2) You said that "Once startup process reads the beginning of a record, XLogReadRecord tries to continue fetching *only the rest* of the record, which is inconsistent from the first part in this scenario."
If XLogReadRecord found the record is invalid, it will read the whole record again, inlcude the beginning of the record, not only the rest of the record. Am I missing something?
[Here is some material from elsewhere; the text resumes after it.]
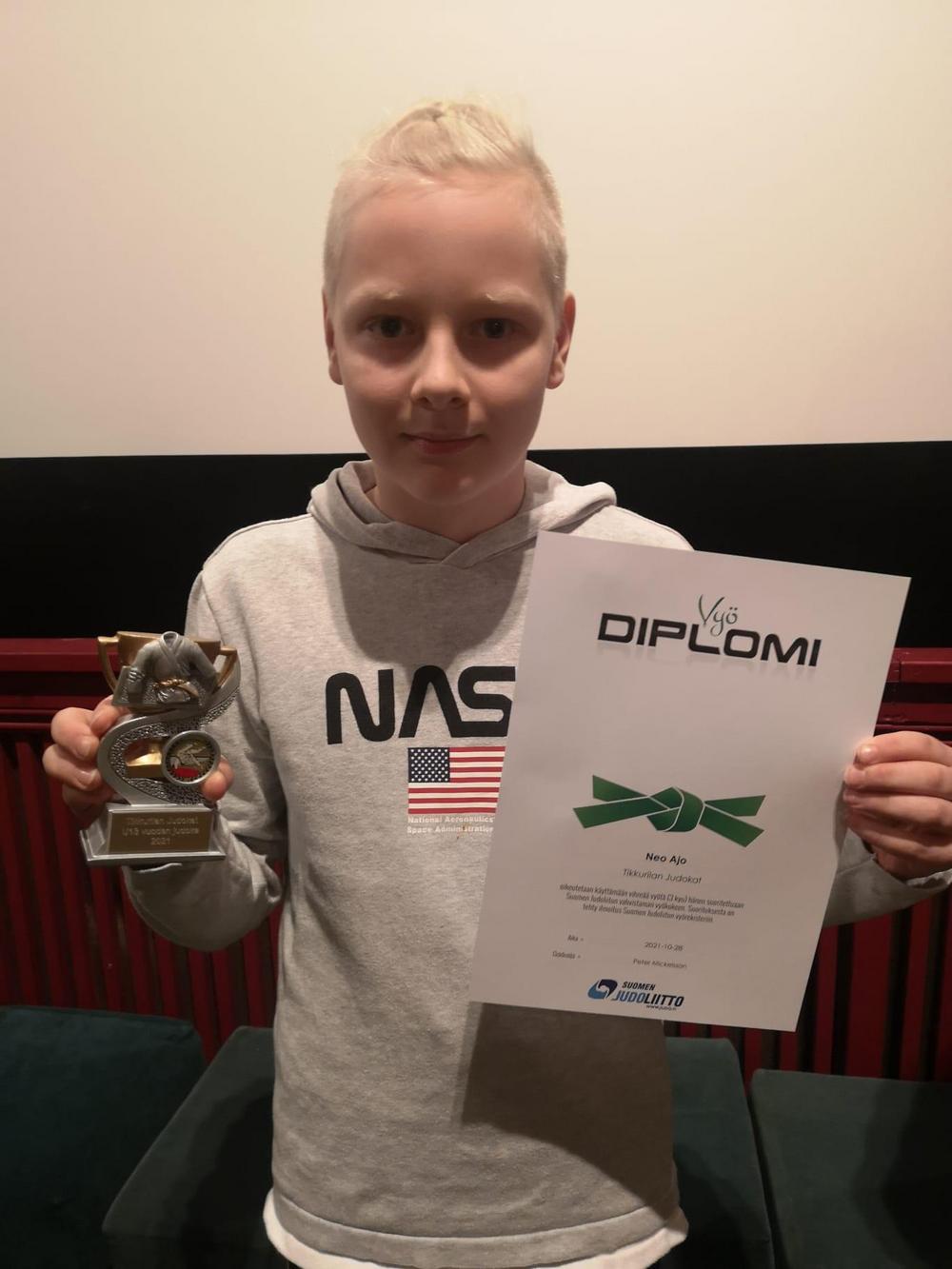 Neo: Tämä ensimmäisen vuoden U13-judoka on harrastanut judoa pitkään ja on aktiivinen harjoittelija. Suoritti vihreän vyön ja aloitti harjoittelun jo liittovalmentajien opissa URHEA:ssa syksyllä ja oli kenties seuran aktiivisin kisakävijä syksyllä. On myös kisoissa seurakavereiden tsemppaaja ja kannustaja, todellinen “joukkuepelaaja” yksilölajissa.

3)I wonder how are you going to acheive preventing an immature records at a segment boundary from being archived and inhibiting being sent to standby

Thanks & Best Regard

------------------------------------------------------------------
发件人:Kyotaro Horiguchi <horikyota(dot)ntt(at)gmail(dot)com>
发送时间:2021年3月29日(星期一) 09:54
收件人:蔡梦娟(玊于) <mengjuan(dot)cmj(at)alibaba-inc(dot)com>
抄 送:bossartn <bossartn(at)amazon(dot)com>; x4mmm <x4mmm(at)yandex-team(dot)ru>; hlinnaka <hlinnaka(at)iki(dot)fi>; pgsql-hackers <pgsql-hackers(at)lists(dot)postgresql(dot)org>
主 题:Re: Bug on update timing of walrcv->flushedUpto variable

Hi.

(Added Nathan, Andrey and Heikki in Cc:)

At Fri, 26 Mar 2021 23:44:21 +0800, "蔡梦娟(玊于)" <mengjuan(dot)cmj(at)alibaba-inc(dot)com> wrote in
> Hi, all
>
> Recently, I found a bug on update timing of walrcv->flushedUpto variable, consider the following scenario, there is one Primary node, one Standby node which streaming from Primary:
> There are a large number of SQL running in the Primary, and the length of the xlog record generated by these SQL maybe greater than the left space of current page so that it needs to be written cross pages. As shown below, the length of the last_xlog of wal_1 is greater than the left space of last_page, so it has to be written in wal_2. If Primary crashed after flused the last_page of wal_1 to disk, the remian content of last_xlog hasn't been flushed in time, then the last_xlog in wal_1 will be incomplete. And Standby also received the wal_1 by wal-streaming in this case.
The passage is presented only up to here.